The venue relocation was a success. Last year’s Conference was held under the motto "Turning point for driver assistance" at Palmengarten Gesellschaftshaus in Frankfurt (see on-line report from Markus Schöttle dated 28 April 2017). Today and tomorrow (18 and 19 April 2018), 220 attendees will convene at RheinMain CongressCenter in Wiesbaden to learn about and discuss news concerning driver assistance systems, automated driving and autonomous vehicles. Welcoming the audience in the brand-new conference and trade fair centre, Editor-in-chief Dr. Alexander Heintzel said that this number was considerably higher than last year’s attendance. A total of 22 exhibitors are accompanying the Conference with their stands and products.
The 4th International ATZ Conference on Automated Driving, organised in Wiesbaden under the motto "Driver Assistance Systems – From Assistance to Automated Driving", indicates that we have passed the turning point and are working towards achieving the next maximum. Many driver assistance systems are sufficiently up to date with sensors and actuators to be considered ready for serial production. The next step requires interlinking these sensors and actuators, intensifying the car’s networking with the cloud and the infrastructure, and extending the control units into computing systems. Level 5 autonomous driving systems will have to process complex algorithms in real time and evaluate huge volumes of measured data from radar, lidar and camera systems. This trend will also be reflected in a new name for the Conference in 2019: "Automated Driving – From Driver Assistance to Autonomous Driving – 5th International ATZ Conference on Autonomous Driving".
But let us return to what is happening in Wiesbaden.
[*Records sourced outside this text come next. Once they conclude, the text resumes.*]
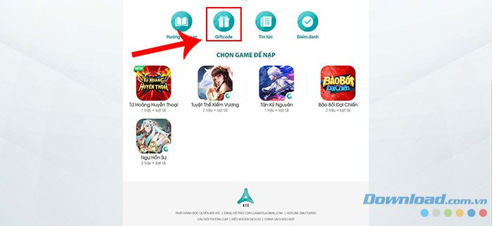 Bước 1: Truy cập vào đường dẫn https://pay.gamate.vn và nhấn vào mục Giftcode.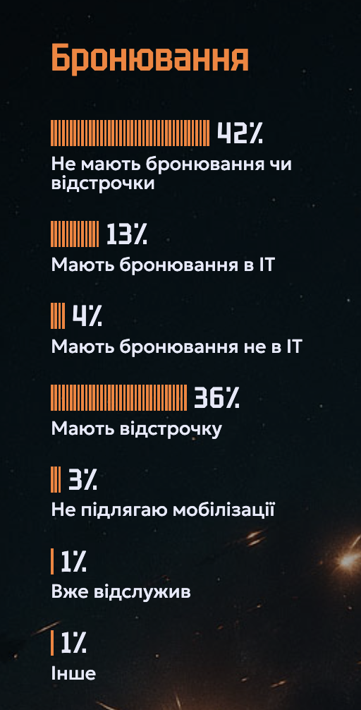 - Бронювання мають 17% айтівців-чоловіків. 13% (близько 22 000) заброньовані через ІТ-компанії, а ще 4% (близько 7000) — на іншій/додатковій роботі не в ІТ. Ще 36% мають відстрочку через вік, навчання, сімейні обставини тощо, а 3% не підлягають мобілізації і військовій службі.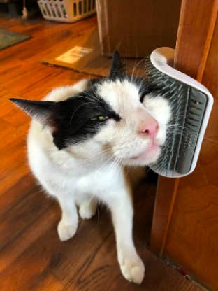 THE SOLUTION: Mount a simple cat-grooming brush to help your kitty get some rubs when your hands are all tied up with other tasks.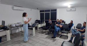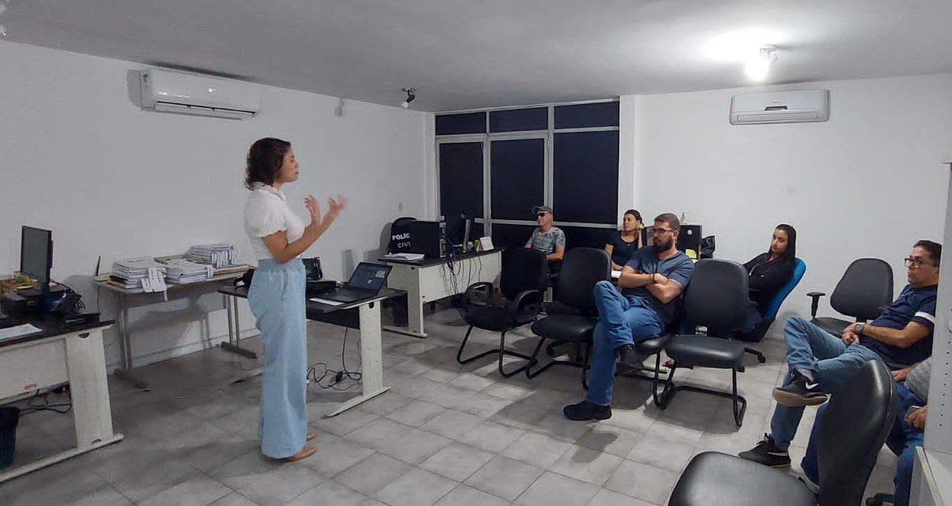 Foto: Imagem da palestra ministrada na Delegacia Geral de Polícia Civil.

Conference organiser Professor Torsten Bertram (TU Dortmund University) held the introductory talk in the conference centre, saying it was nice "to see the events programme focus more on the important ancillary conditions like sensor systems rather than just the functions". Daimler and Continental then introduced their keynote speakers.
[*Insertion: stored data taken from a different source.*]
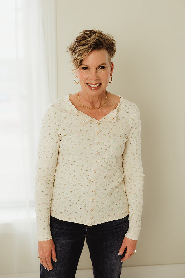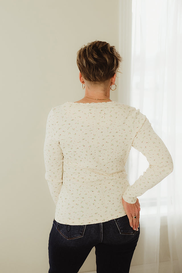Introducing the Sweet Bloom Ribbed Top—your new go-to for effortless style! This charming floral piece features a delicate pointelle ribbed knit that's both breathable and flattering. Snap buttons make getting dressed a breeze, while the double raw edge hem adds an edgy, modern touch. Garment-washed for that coveted vintage lived-in vibe, it's perfect for layering or wearing solo. Cozy, cute, and ready for anything.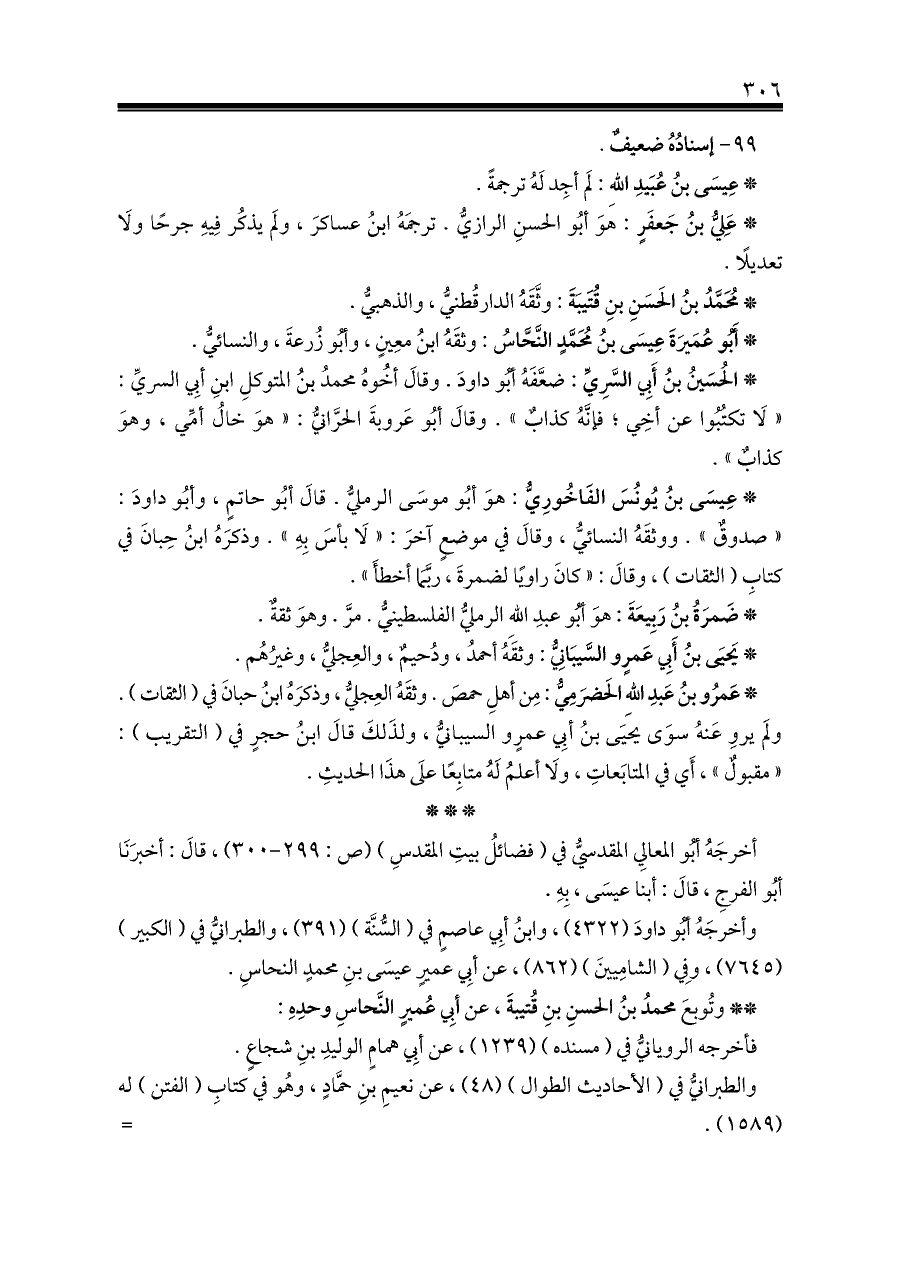 * أَبُو عُمَيرَةَ عِيسَى بنُ مُحَمَّدٍ النَّحَّاسُ: وثقَهُ ابنُ معِينٍ، وأبُو زُرعةَ، والنسائيُّ.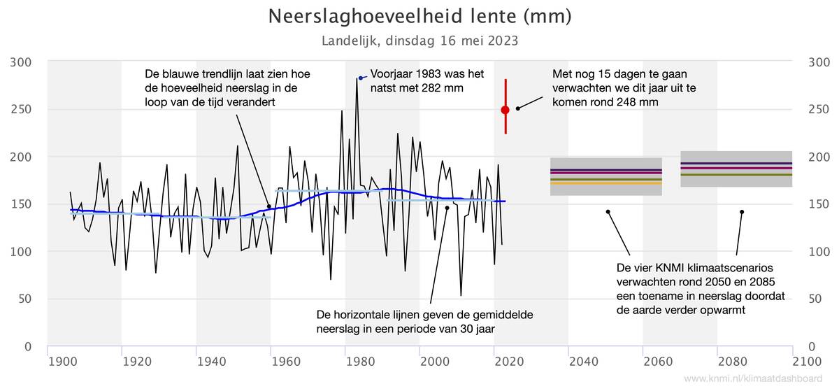 Ook in mei is al de nodige regen gevallen. De maand is nog niet voorbij, maar op het klimaatdashboard is te zien dat deze lente volgens de verwachting tot de natste lentes van de hele meetreeks gaat behoren (figuur 3). Met 248 millimeter steekt alleen de extreem natte lente van 1983 erbovenuit met 282 millimeter.

Michael Hafner presented, from Daimler’s viewpoint, the reinvention of the automobile and its progression towards accident-free autonomous driving. "Referring to reinventing the automobile in the title of my presentation is a bold statement, but it is not an exaggeration”, considering the revolution under way in sensors, actuators and computing power. Hafner focussed on showing how such systems could be developed and operated in a truly safe manner to make the self-driving car a reality. He explained that, even though the Conference’s name is changing, the basic components underlying the new technology are the established driver assistance systems, which have been known and mature since the first system, the ABS, was introduced in 1978. Offering safe systems to end customers requires extensive testing in advance. He said Daimler had completed road tests covering around ten million kilometres in Europe, Australia, the USA and China to discover scenarios "that wouldn’t occur to you sitting at a desk". Greater attention will be paid to collecting data and covering vast distances with camera, lidar and radar systems. This will require highly complex testing procedures and test cases before VDA Level 3 and Level 4 systems can be launched. Hafner cited the example of a traffic scenario in Melbourne that is unusual to Europeans and is normally not considered: "You have to veer to the left before turning right".
"And it’s critical for us to gain the end customer’s trust when introducing the Level 4 and 5 systems", said Hafner. The buyer won’t order these systems or use them in practice unless he’s convinced that they work. Daimler plans to convince him with special training at the dealership and by producing explanatory videos. The advantages to be communicated include the fact that the machine always functions. "It doesn’t drink alcohol” and remains attentive every second of the day or night, in summer as in winter. Hafner said safeguarding the advanced driver assistance systems is essential, including developing them in accordance with the ISO 26262 standard. This is complex but nevertheless worthwhile and feasible. He concluded: "We must establish trust in technology" when it comes to autonomous driving. This would offer the customer an entirely new perspective on mobility in a third space: besides the home and workplace, the car’s interior would also become an experience.